The three popular pillars of Donald Trump’s electoral success have been grievances about immigrants, unfair trade practices by other countries, and American “forever wars” overseas.
The last one of these beefs was legitimate and fueled by the interventionist U.S. superpower’s major quagmires or debacles in Cuba, Vietnam, Cambodia, Laos, Iran, Lebanon, Somalia, Iraq, Libya and Afghanistan.
As an example, a recent op-ed by John F. Sopko, who, as special inspector general for Afghanistan reconstruction since 2012, chronicled the profligate waste of lives and money during the latter half of the two-decade U.S. fiasco in Afghanistan, convincingly argued that bureaucratic incentives in the U.S. military and other agencies to claim success rendered the truth of failure to long be kept from American taxpayers. That problem can be found in the other American catastrophic failures as well.
To his credit, during his first presidential term Trump had concluded the Afghan War was a loser, signed an agreement with the Taliban to withdraw U.S. forces from Afghanistan, but failed to carry it out before he left office. Joe Biden, his successor, after a short delay, agreed with Trump about the war and took a big hit in the popularity of his new administration when the U.S.-supported Afghan regime collapsed rapidly during the American troop withdrawal, leading to some chaos and more American and Afghan deaths.
Biden’s bad experience is why politicians and bureaucrats stay in foreign quagmires; because they don’t want to be tarred with the almost inevitable friction and blame that comes with cutting national losses and exiting.
Thus, during his second term, because of his prior campaign rhetoric about ending forever wars, Trump might be expected to be leery of using threats or intimidation that could lead to armed conflict or even a long-term military bog abroad.

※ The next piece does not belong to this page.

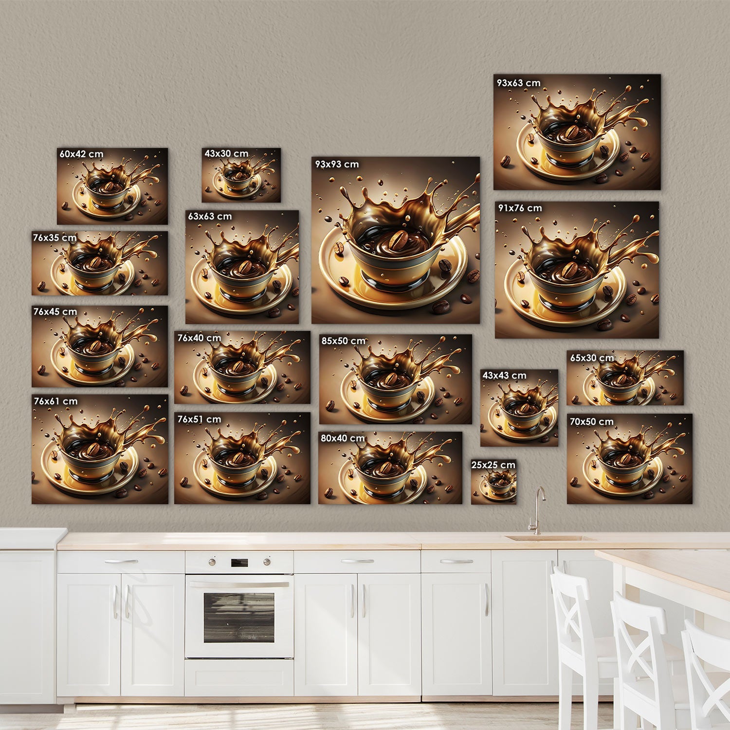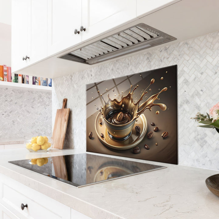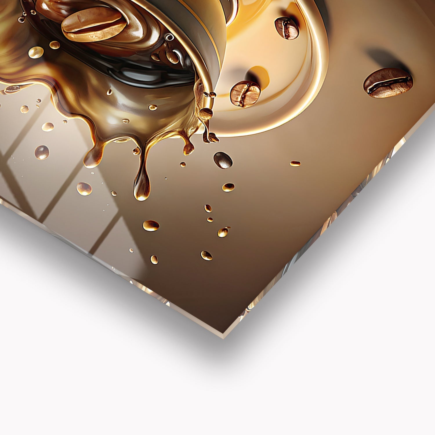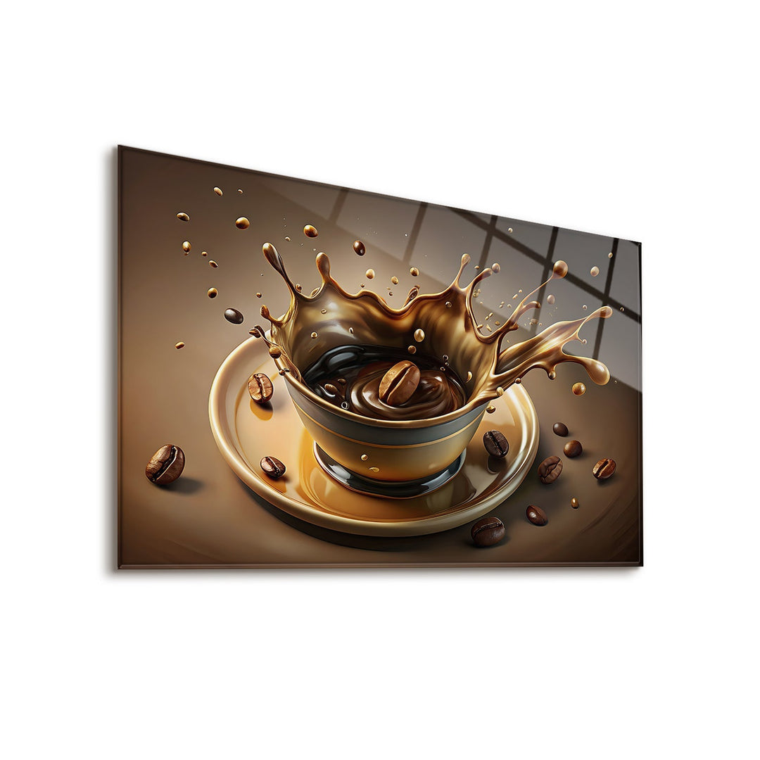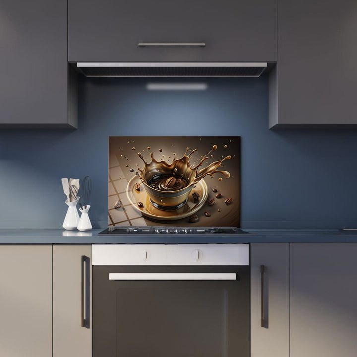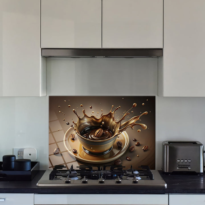 Splashing coffee droplets and flying beans capture the dynamic moment of a rich and vibrant cup of coffee, This visual feast dazzles with energy, inviting the viewer into your kitchen with the warm comfort of a sip,
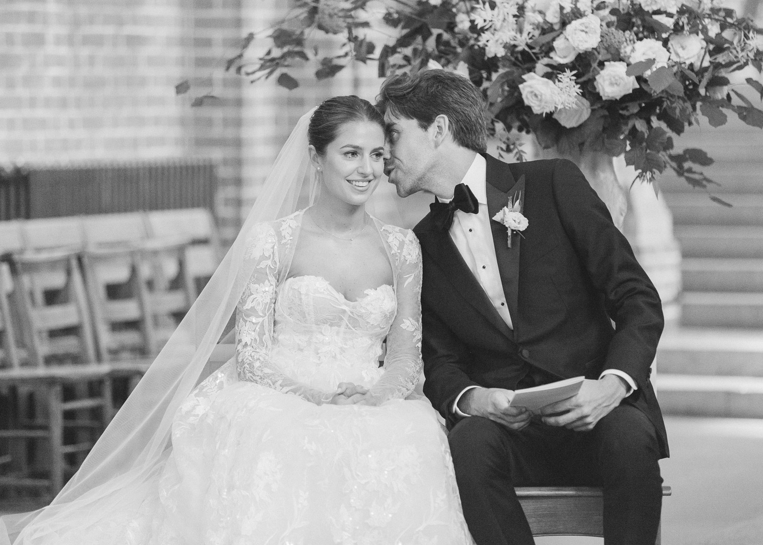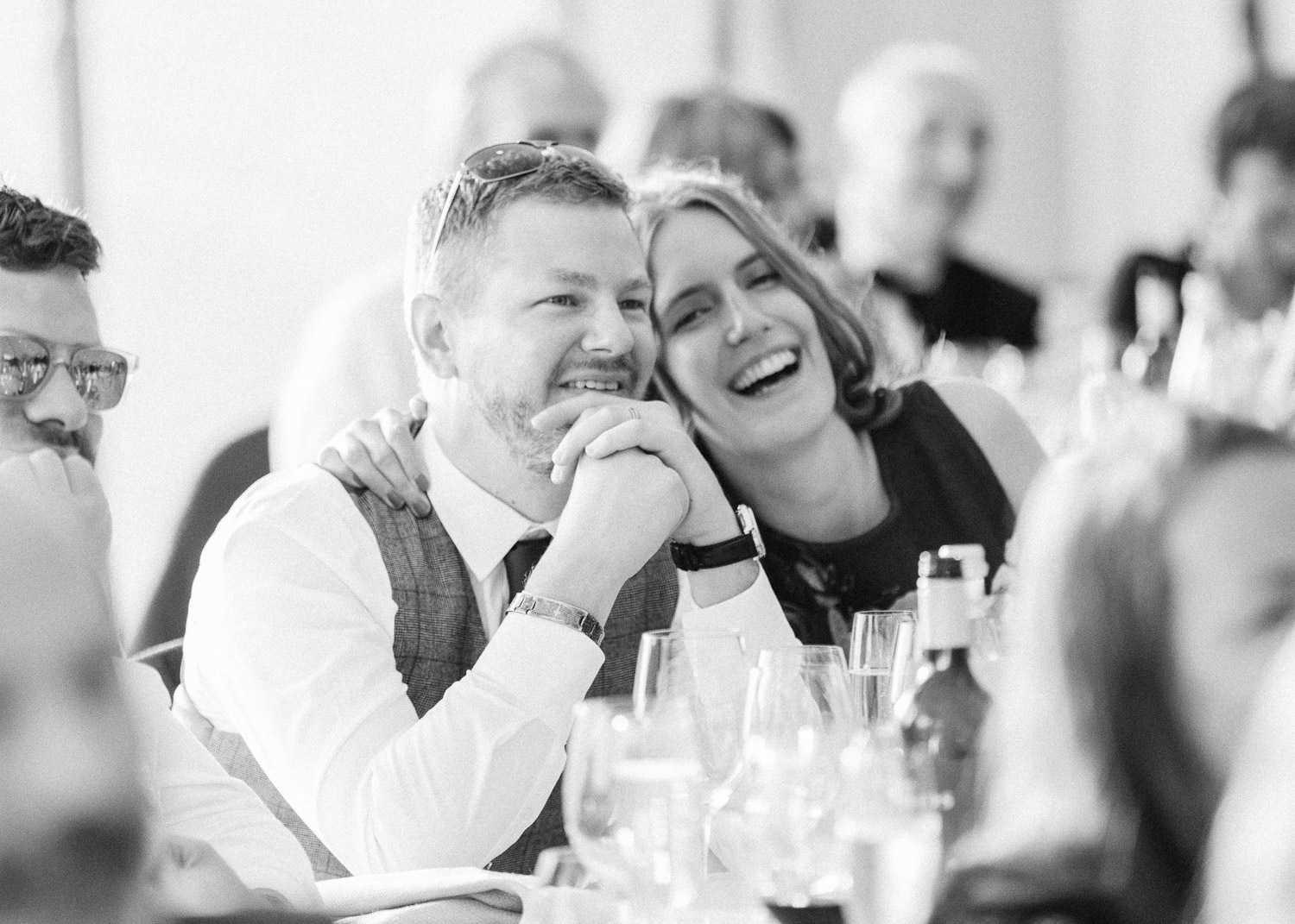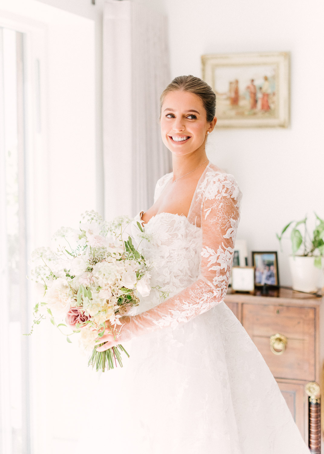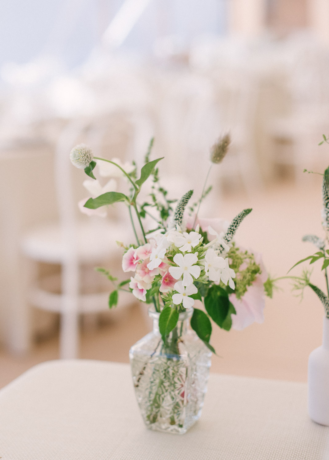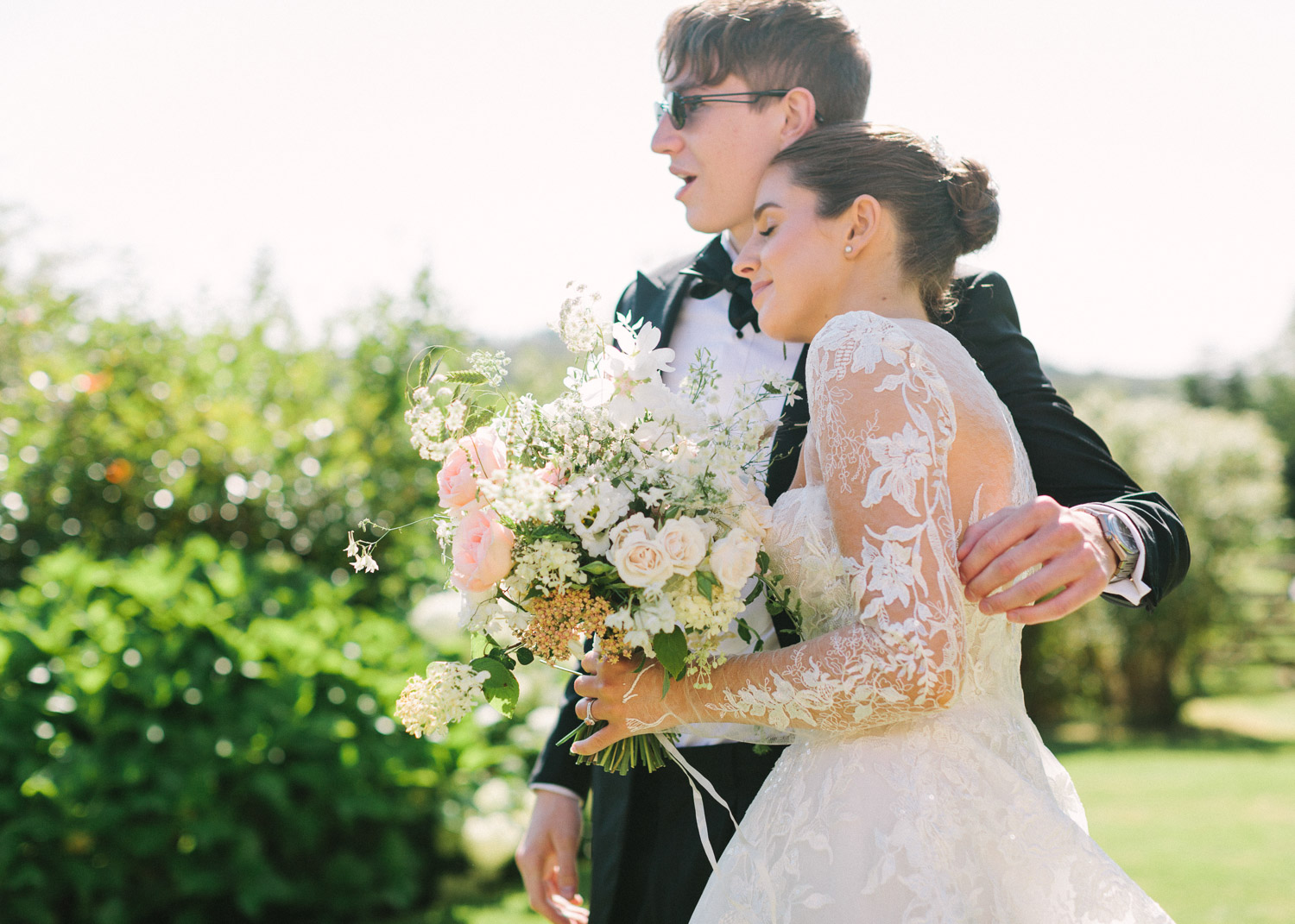 Ellie got ready at her family home surrounded by family and close friends before heading to Ardingly College to marry and celebrate with her husband and guests. Aelisabeta Flowers decorated the aisle of with big clouds of florals which looked so lovely with the light streaming in through the windows. It was a warm summer’s day so everyone was able to make the most of the lawn from the afternoon until late into the evening. The beautiful sperry tent looks oh-so pretty glowing in the low evening light. It was a day filled with love and laughter, planned to perfection by Cara at Katrina Otter Weddings.

Yet during the interregnum between his recent election and inauguration, he has complained about high fees to transit the Panama Canal and threatened to take it back (presumably with military force since the Panamanians are unlikely to volunteer giving back the Canal Zone), menacingly demanded to buy Greenland, and joked about making Canada the 51st state.
Finally, during the campaign, Trump was asked by Fox News about launching cross-border military attacks on Mexican drug cartels and replied, “Mexico is gonna have to straighten it out really fast, or the answer is absolutely.” Mark Esper, one of Trump’s defense secretaries during his first term, claims Trump asked for military options against the cartels and was barely talked out of ordering them. Trump’s current aides are building the case for employing such drastic options during a second term.
Most of Trump’s implicit or explicit threats so far have been directed at much weaker countries in the Western Hemisphere. Yet during his first term, he also threatened countries in East Asia and the Middle East and took aggressive action in the latter region.
Before doing an about face and trying to negotiate with North Korean leader Kim Jong Un, Trump had implicitly threatened nuclear war with the hermit kingdom by saying that North Korea would be “met with fire and fury and frankly power, the likes of which this world has never seen before.” It also was reported that Trump privately discussed the possibility of using a nuclear weapon on North Korea and blaming it on another country.
In the Middle East, Trump rashly canceled the multilateral agreement with Iran to limit its nuclear program in exchange for the relaxation of economic sanctions and later assassinated the second most powerful Iranian official when he visited Iraq, thus roiling relations with both countries. His proposed appointees for secretary of defense, Pete Hegseth, and ambassador to Israel, Mike Huckabee, oppose Palestinian self-determination and seem to embrace a “Greater Israel.”
This view usually advocates annexing the West Bank and resettling Gaza after Palestinians are removed. Finally, Trump has vowed to put fewer limits on weapons exports to Israel than even the few the Biden administration imposed.
Thus, in a second term, even if Trump avoids U.S. military quagmires on the ground, he may still take or allow allied countries to undertake aggressive military action.
Let’s hope his macho bluster against friendly countries in the hemisphere or adversaries further abroad is just to get some sort of negotiating advantage, because even limited military actions — such as, cross-border attacks against Mexican drug cartels, especially without the Mexican government’s consent —could turn into disastrous bogs if things don’t go well; Vietnam, Iraq and Afghanistan come to mind.
Ivan R. Eland is Senior Fellow at the Independent Institute and director of the Independent Institute’s Center on Peace & Liberty.